TCP reachability checks for everything that isn't HTTP.
SMTP, Postgres, Redis, internal services. We complete the TCP handshake from six regions — not protocol-level checks.

When this monitor earns its keep.
Three concrete patterns. Use them as templates for your own setup.
Outbound SMTP relays
Your transactional mail server on port 587. If TLS negotiation times out, customer onboarding emails stop going out long before anyone files a ticket.
Database listener health
Postgres 5432, MySQL 3306, Redis 6379. Application-level checks tell you the connection pool is healthy. A TCP probe tells you the actual listener is.
Internal microservices
An RPC service on port 9000 inside your VPC. Run a TCP probe from our regions (with a bastion or public LB) to confirm it's reachable end-to-end.
How the setup looks.
Same flow as HTTP: add a monitor, set host and port, attach alert rules. Flat rate per monitor; extra regions and channels do not add line items.

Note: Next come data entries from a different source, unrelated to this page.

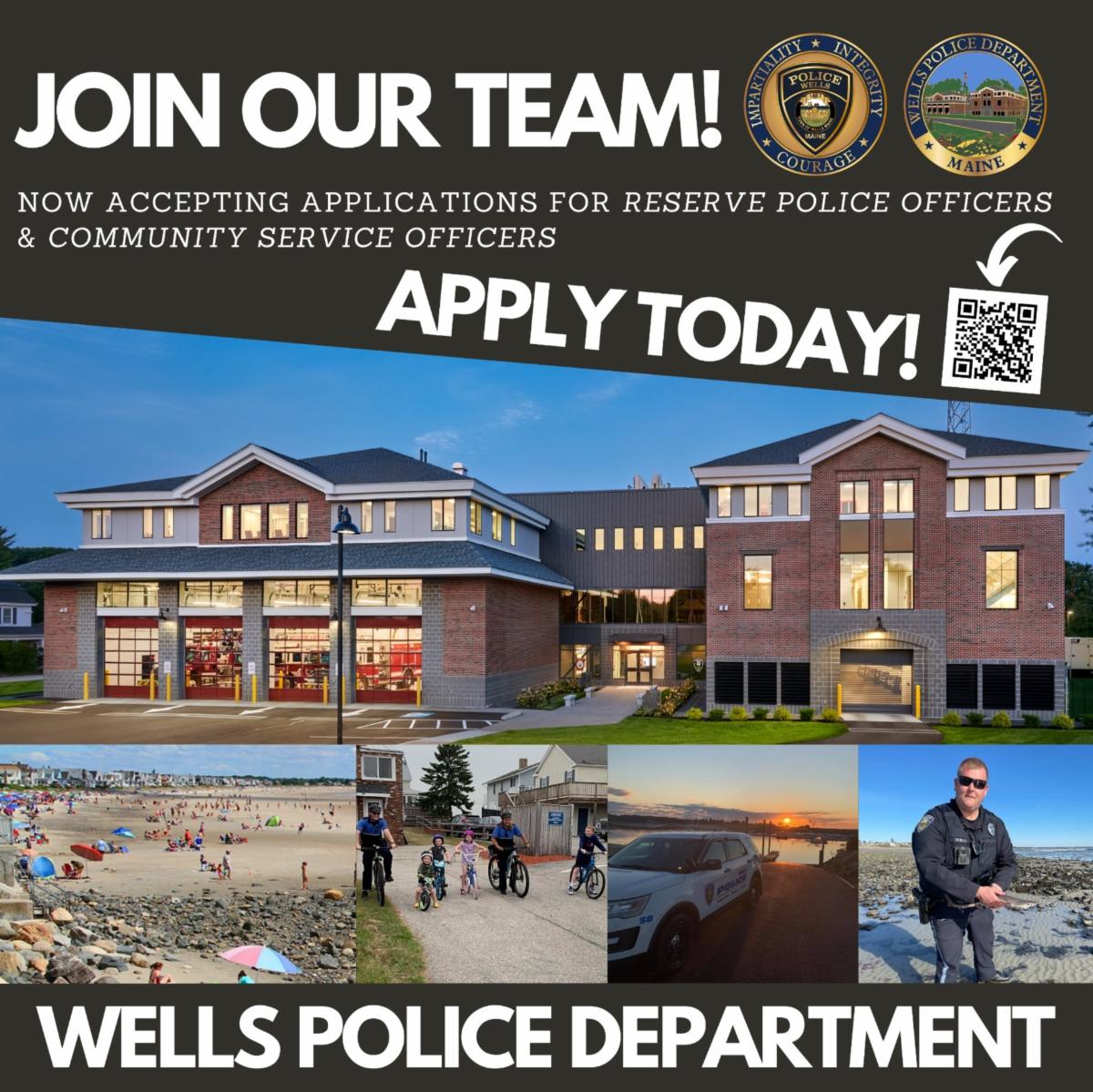 - The Town of Wells is now accepting applications for the positions of Summer Reserve Police Officers & Community Service Officers (CSO), for the 2025 season. The police positions include bike, foot, or cruiser patrol. Officers are required to work various shifts including nights, weekends and holidays. The community service officers will support police operations and work in the beach areas assisting citizens with parking and other duties to include town ordinance enforcement.
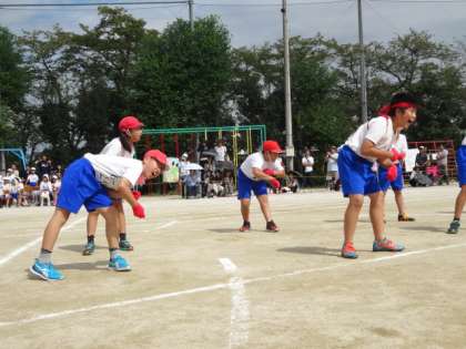 赤と白,それぞれの応援団も,元気いっぱいの応援で,みんなを勇気づけてくれています。
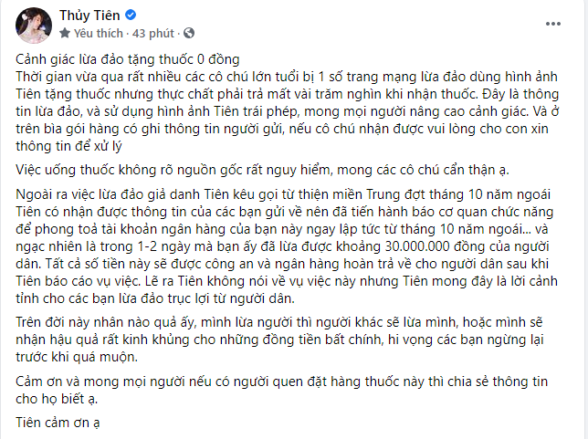 Cảnh giác lừa đảo tặng thuốc 0 đồng. Thời gian vừa qua rất nhiều các cô chú lớn tuổi bị 1 số trang mạng lừa đảo dùng hình ảnh Tiên tặng thuốc nhưng thực chất phải trả mất vài trăm nghìn khi nhận thuốc. Đây là thông tin lừa đảo, và sử dụng hình ảnh Tiên trái phép, mong mọi người nâng cao cảnh giác. Và ở trên bìa gói hàng có ghi thông tin người gửi, nếu cô chú nhận được vui lòng cho con xin thông tin để xử lý. Việc uống thuốc không rõ nguồn gốc rất nguy hiểm, mong các cô chú cẩn thận ạ. Ngoài ra việc lừa đảo giả danh Tiên kêu gọi từ thiện miền Trung đợt tháng 10 năm ngoái Tiên có nhận được thông tin của các bạn gửi về nên đã tiến hành báo cơ quan chức năng để phong tỏa tài khoản ngân hàng của bạn này ngay lập tức từ tháng 10 năm ngoái... Và ngạc nhiên là trong 1-2 ngày mà bạn ấy đã lừa được khoảng 30.000.000 đồng của người dân. Tất cả số tiền này sẽ được công an và ngân hàng hoàn trả về cho người dân sau khi Tiên báo cáo vụ việc. Lẽ ra Tiên không nói về vụ việc này nhưng Tiên mong đây là lời cảnh tỉnh cho các bạn lừa đảo trục lợi từ người dân. Trên đời này nhân nào quả ấy, mình lừa người thì người khác sẽ lừa mình, hoặc mình sẽ nhận hậu quả rất kinh khủng cho những đồng tiền bất chính, hi vọng các bạn ngừng lại trước khi quá muộn. Cảm ơn và mong mọi người nếu có người quen đặt hàng thuốc này thì chia sẻ thông tin cho họ biết ạ. Tiên cảm ơn ạ. |
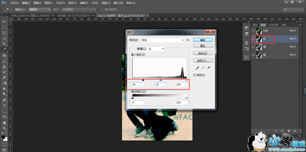 选择红色通道,点击图像——调整——色阶,设置参数,如图所示;
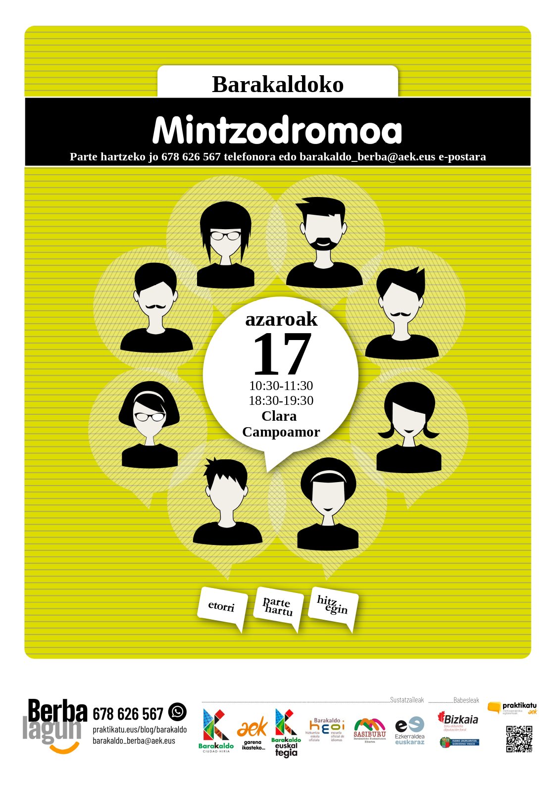 Aurten ere Mintzodromoa antolatuko dugu! Azaroaren 17an, Barakaldoko Clara Campoamor zentroan, 10:30ean eta 18:30ean. Etorri eta gozatu!
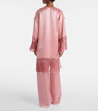Product Details - Material: 100% silk - Care instructions: dry clean - Made in Italy - Designer color name: Geranium - Trim: 100% viscose - Closure: hook fastening - Item number: P01006700 Size & Fit - True to size - Dropped shoulders - Designed for a loose fit - Non-stretchy fabric - The model seen in the picture is 178cm-5'10" and wearing a size IT 40

Same auth, same alert rules, same status pages as every other monitor type. See all 6
Add host and port
SMTP, Postgres, Redis, or any service that speaks TCP. Pick regions, probe interval (30s default), and timeout.
Regional consensus
We require regional consensus by default. One flaky PoP never pages on-call.
See the failure mode
Connection refused, timeout, and reset are stored separately on the incident so you can triage without re-running the check.
FAQ
- Do you check TLS for TCP monitors?
- Use the SSL certificate monitor for cert expiry and chain validation. The TCP probe is a plain handshake, useful for non-TLS ports too.
- What about UDP?
- Not supported today. Most uptime-relevant UDP services (DNS, NTP) have higher-level probes that are more useful. Use the DNS monitor for DNS.
- What's the default probe interval?
- Configurable per monitor: 30s, 1m, or 5m. The default is 30s. Probe cadence is included in the flat per-monitor price.